Efficient Quasi-Two-Dimensional Model for Water Hammer Problems

Abstract

Quasi-two-dimensional models for turbulent flows in water hammer are necessary for advancing the understanding of flow behavior in pipe transient; conducting detailed investigation of the fate of transient-induced contamination; and validating one-dimensional water hammer models. An existing quasi-two dimensional numerical model for turbulent water hammer flows has the attributes of being robust, consistent with the physics of wave motion and turbulent diffusion, and free from the inconsistency associated with the enforcement of the no slip condition while neglecting the radial velocity at boundary elements, such as valves and reservoirs.
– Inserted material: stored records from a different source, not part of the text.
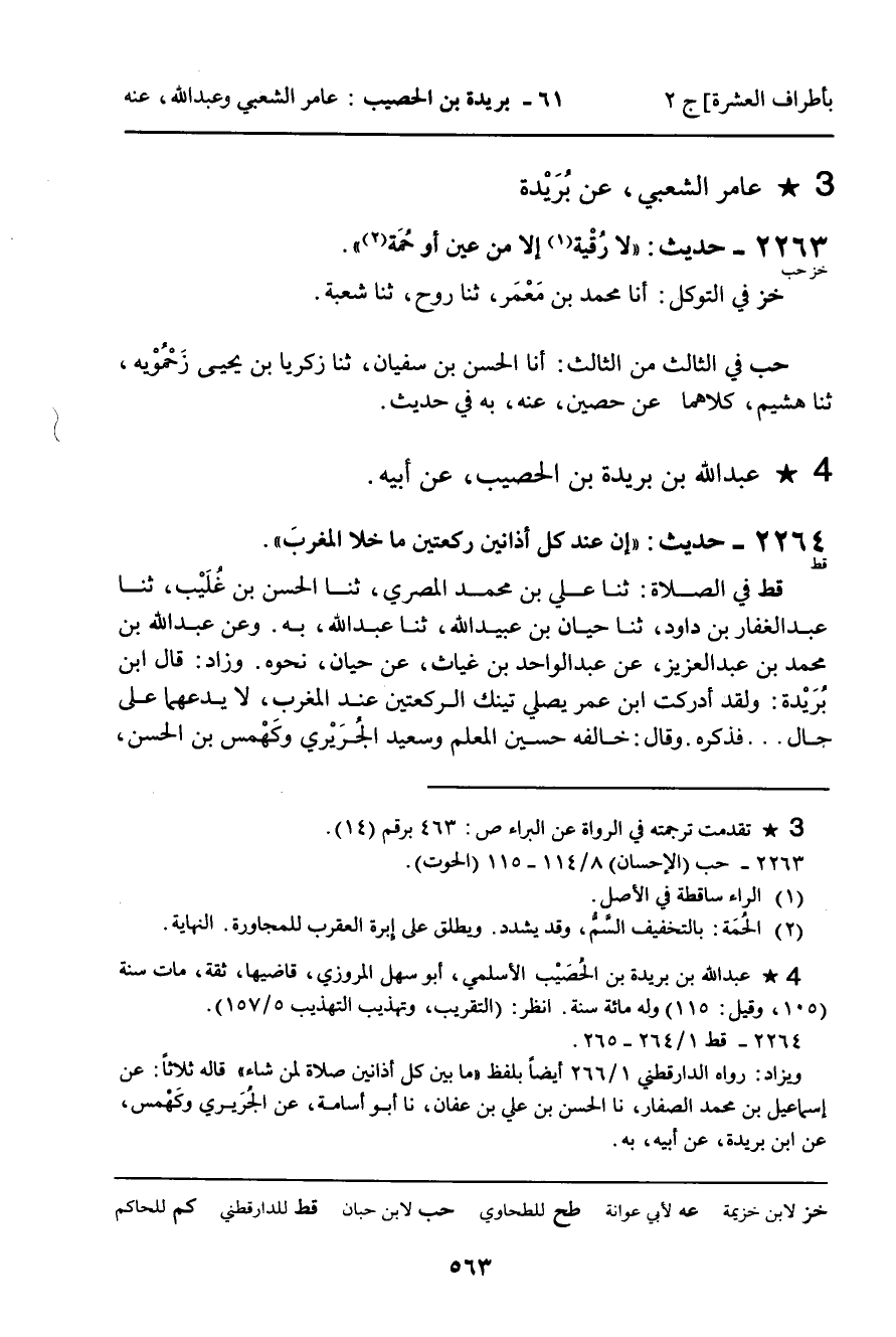 2263 - حَدِيثٌ (خز حب) : " لا رُقْيَةَ إِلا مِنْ عَيْنٍ أَوْ حُمَةٍ ".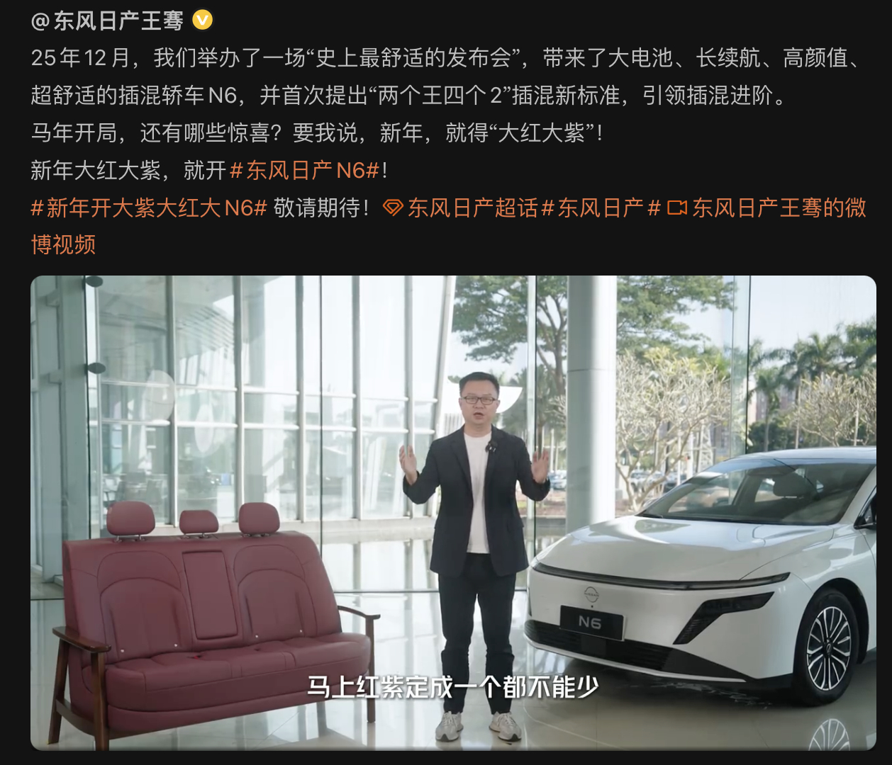 日产N6发布内饰新颜色 新颜色竟然用沙发首发了今天发布了一条微博视频,回顾去年N6发布会的同时,还预告了1月15日的上新。马上红紫定成啥的,过年的气氛慢慢起来了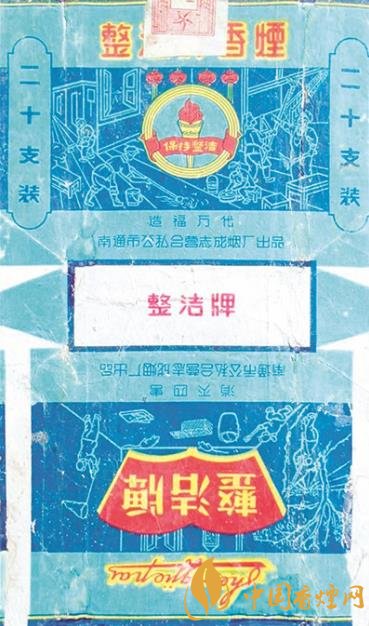 當(dāng)時(shí),南通市公私合營志成煙廠出品了一枚“整潔牌”煙標(biāo)(如上圖)。這枚采用白描藝術(shù)手法設(shè)計(jì)的煙標(biāo),主版是一幅“造福萬代”的主題圖案:畫面中心掛有四盞紅燈籠,下部有一把裝飾著紅綢帶、帶有“保持整潔”字樣的火炬。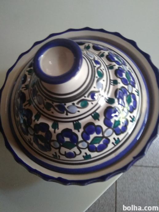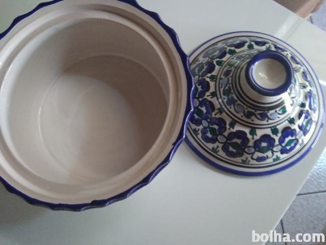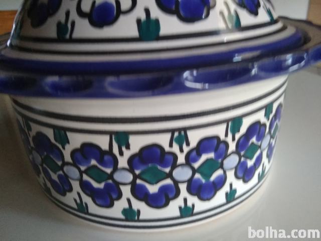 Keramična posoda ročna poslikava. Notranji premer 17 cm zunanji 22 cm, višina notranjega dela od DNA do roba brez pokrova 7.5 cm.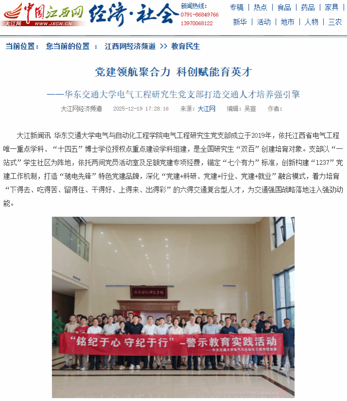 大江新闻讯 KY开元集团官网入口电气与自动化工程学院电气工程研究生党支部成立于2019年,依托江西省电气工程唯一重点学科、“十四五”博士学位授权点重点建设学科组建,是全国研究生“双百”创建培育对象。支部以“一站式”学生社区为阵地,依托两间党员活动室及足额党建专项经费,锚定“七个有力”标准,创新构建“1237”党建工作机制,打造“驰电先锋”特色党建品牌,深化“党建+科研、党建+行业、党建+就业”融合模式,着力培育“下得去、吃得苦、留得住、干得好、上得来、出得彩”的六得交通复合型人才,为交通强国战略落地注入强劲动能。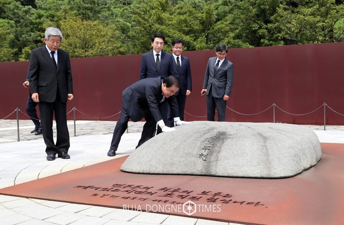 [부자동네타임즈 조영재 기자]문희상 국회의장이 7월 31일(화) 노무현 전 대통령의 고향이자 묘소가 안치되어있는 경남 김해 봉하마을을 방문하여 노 전 대통령의 묘역을 참배했다. 이번 문 의장의 봉하마을 방문은 생전에 민주주의와 협치의 정신을 강조했던 노 전 대통령을 기리고, 그 정신을 되새긴다는 의미가 있다.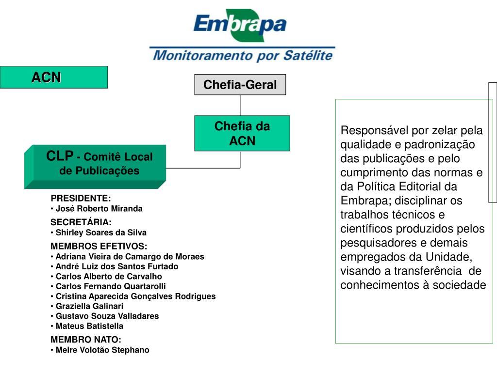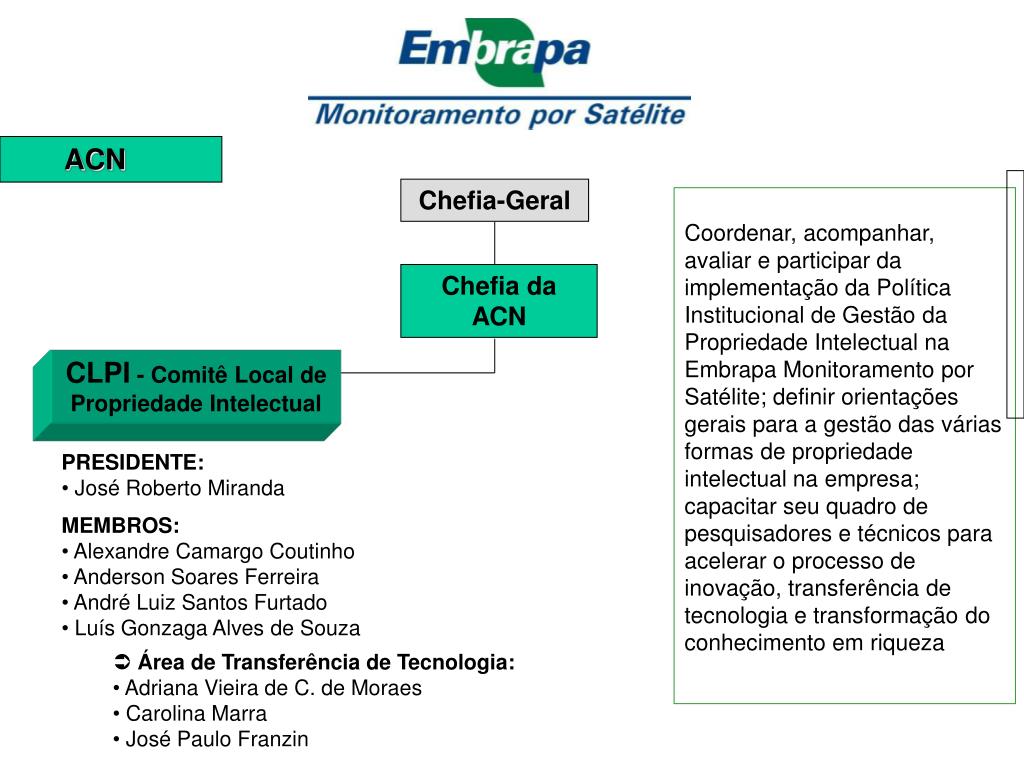 ACN Chefia-Geral Coordenar, acompanhar, avaliar e participar da implementação da Política Institucional de Gestão da Propriedade Intelectual na Embrapa Monitoramento por Satélite; definir orientações gerais para a gestão das várias formas de propriedade intelectual na empresa; capacitar seu quadro de pesquisadores e técnicos para acelerar o processo de inovação, transferência de tecnologia e transformação do conhecimento em riqueza Chefia da ACN CLPI - Comitê Local de Propriedade Intelectual • PRESIDENTE: • José Roberto Miranda • MEMBROS: • Alexandre Camargo Coutinho • Anderson Soares Ferreira • André Luiz Santos Furtado • Luís Gonzaga Alves de Souza • Área de Transferência de Tecnologia: • Adriana Vieira de C. de Moraes • Carolina Marra • José Paulo Franzin

However, this scheme is computationally intensive making it unsuitable for practical pipe systems or for conducting numerical experiments. This paper addresses the efficiency and stability of this existing scheme. In particular, algebraic manipulations show that the original scheme can be decoupled into two tridiagonal systems, one for piezometric head and radial flux and another for axial velocity. This decoupling is the reason for the high efficiency of the modified scheme. The original and proposed schemes are applied to a pipe–reservoir–valve system. It is found that, for the same spatial and temporal discretization, both schemes are of equal accuracy. However, significant saving in computer execution time is achieved by using the modified scheme. Application of the modified scheme to pipes of realistic dimensions and wavespeeds (length 35.2 km, diameter 200 mm, and wave speed 1000 m/s) takes only a few minutes to execute. This small execution time requirement makes the current quasi-two-dimensional model suitable for application to practical water hammer problems. The stability domain of the proposed scheme is established using the Von Neumann method.